Science

'Survival of the Laziest' Gains Support as a Strong Evolutionary Strategy

"You can’t just decide to be lazy as an individual and expect to live longer."

Unsplash / JESHOOTS.COM

Good news, fellow couch-dwellers! Our laziness has scientific support. Well, kind of — you have to be an oyster to claim this one. While humans need to exercise to maintain physical and mental health, for some organisms, it’s actually better in the long run to expend less energy.

In a paper published Tuesday in the journal Proceedings of the Royal Society B, a team of scientists at Oxford University and the University of Kansas shows evidence that over a period of 5.33 million years, prehistoric mollusks in the Western Atlantic Ocean that required less energy to survive were less likely to go extinct. While laziness wouldn’t likely be a conscious choice for those sea creatures (bivalves like clams and oysters, and gastropods like snails and conchs), scientifically, it helped their chances for a long life.

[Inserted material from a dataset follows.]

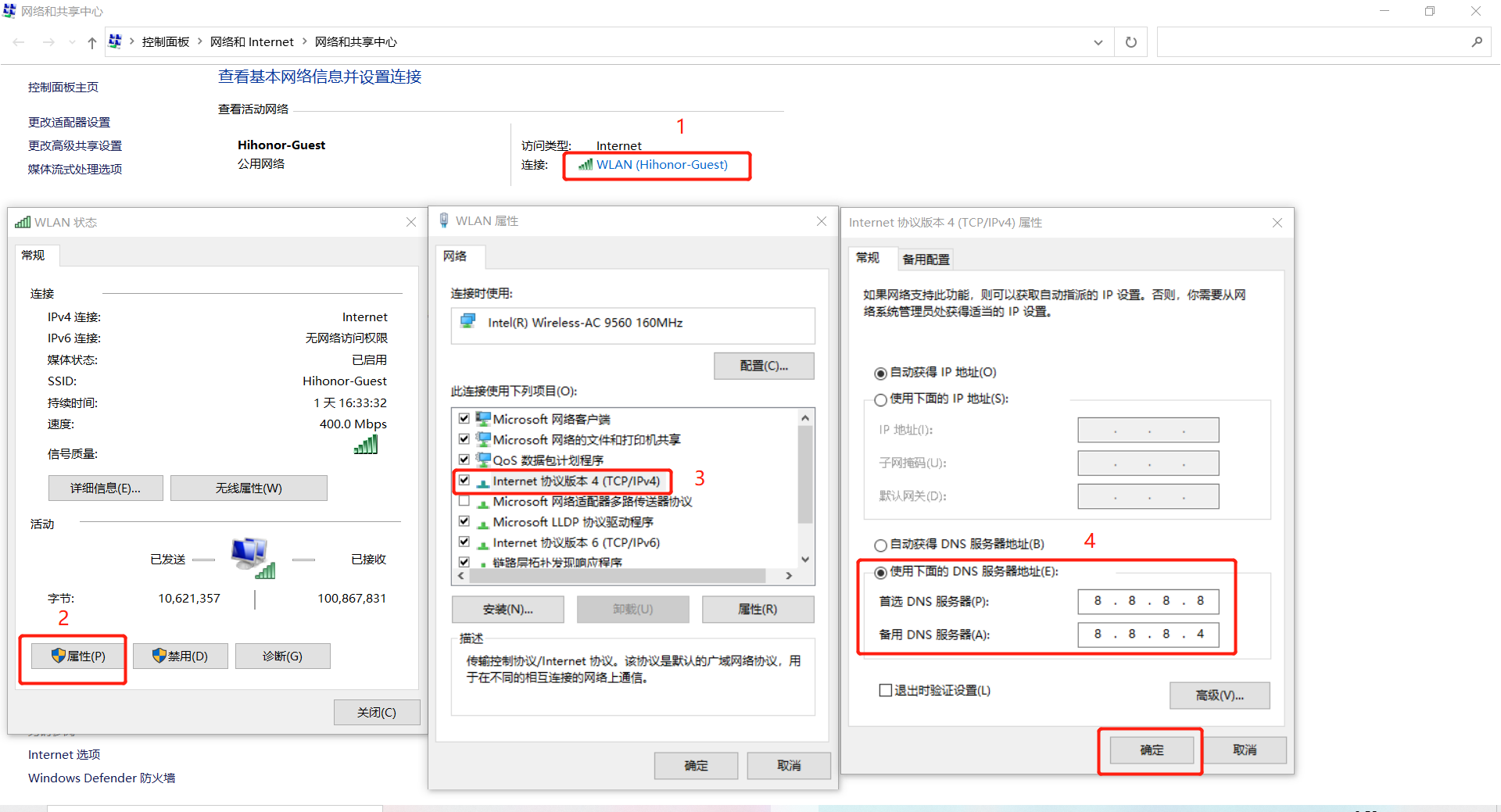- 点击现在连接的网络名称,打开网络状态窗口,点击属性,在网络属性窗口中双击 Internet 协议版本4 (TCP / IPv4)。

Scientists calculated the basal metabolic rate of the organisms from fossil remains and confirmed that a lower basal metabolic rate is associated with longer lifespans in individual organisms. This was expected, but they also made the surprising discovery that this same relationship was true for populations as a whole.

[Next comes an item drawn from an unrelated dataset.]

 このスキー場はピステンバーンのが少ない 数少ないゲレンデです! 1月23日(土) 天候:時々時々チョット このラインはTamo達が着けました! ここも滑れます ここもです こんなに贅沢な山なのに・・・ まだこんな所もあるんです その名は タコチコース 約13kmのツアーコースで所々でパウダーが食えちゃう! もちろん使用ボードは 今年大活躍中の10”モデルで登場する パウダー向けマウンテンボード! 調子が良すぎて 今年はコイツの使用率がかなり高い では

“There was no reason to expect that effects that apply to individuals also apply to species. So there wasn’t necessarily a reason to expect that the extinction of a species should be related to metabolic rate in the same way as the lifespan of an individual is,” Luke Strotz, Ph.D., a postdoctoral researcher in paleontology at the University of Kansas and the first author on the paper, tells Inverse.

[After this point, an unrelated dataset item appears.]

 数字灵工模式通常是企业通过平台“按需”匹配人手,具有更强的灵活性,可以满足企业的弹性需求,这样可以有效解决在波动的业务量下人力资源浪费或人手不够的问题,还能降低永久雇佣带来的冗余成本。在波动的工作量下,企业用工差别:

Researchers examined Anadara aequalitas, a species of bivalve, as part of a study on the relationship between metabolism and individual, species, and community survival. They found that lower metabolism can enhance survival at all levels.

Neogene Atlas of Ancient Life / University of Kansas

To conduct this research, the study’s authors calculated 299 species’ basal metabolic rates by measuring the size range of specimens, both extinct and still living, from museum collections. Then they used the Hadley global climate model to obtain estimates of what the ocean temperature had been when these organisms lived in the ocean. With these two measurements, they came up with a reasonable estimate of how much energy the organisms needed to stay alive. The result? The organisms with a lower basal metabolic rate that needed less energy to survive were more likely to live longer than organisms that required more energy. This relationship was true not just for the individuals but for entire species.

While metabolic rate correlates strongly with extinction, it’s not the only driver of extinction, Strotz says.

“Metabolic rate is linked to a constellation of characteristics including growth rate, time to maturity, maximum life span and maximum population size. It seems likely that the nature of any or all of these traits play a role in how vulnerable a species is to extinction,” he says. “Extinction is complex and no one factor is responsible for all extinctions.”

Strotz tells Inverse that he headed into the study prepared to publish a negative result, and he had planned to discuss that negative result through the lens of hierarchy theory, a principle that states that a system is more than just the sum of its parts. In this case, though populations are complex, they exhibited the same relationship between metabolism and survival as the individuals in the population.

“Getting a positive result showing higher metabolic rates correlated with a higher likelihood of extinction was therefore somewhat unexpected,” Strotz says.

No, lying around all day won't make you live longer. Sorry.

Unsplash / Sam Solomon

But before you tell yourself that you can live like a mollusk, expending as little energy as possible in an effort to live longer, be warned: That’s not how evolution works. Sorry!

The study’s authors calculated an average metabolic rate for organisms, meaning the average amount of energy it took for the organisms to survive, not how much they chose to expend. Basal metabolic rate isn’t a lifestyle choice like the decision to exercise, but a biological and evolutionary trait like how tall you are.

“You can’t just decide to be lazy as an individual and expect to live longer,” says Strotz. It’s too bad, especially for lazy humans who would rather sit around eating steak all day.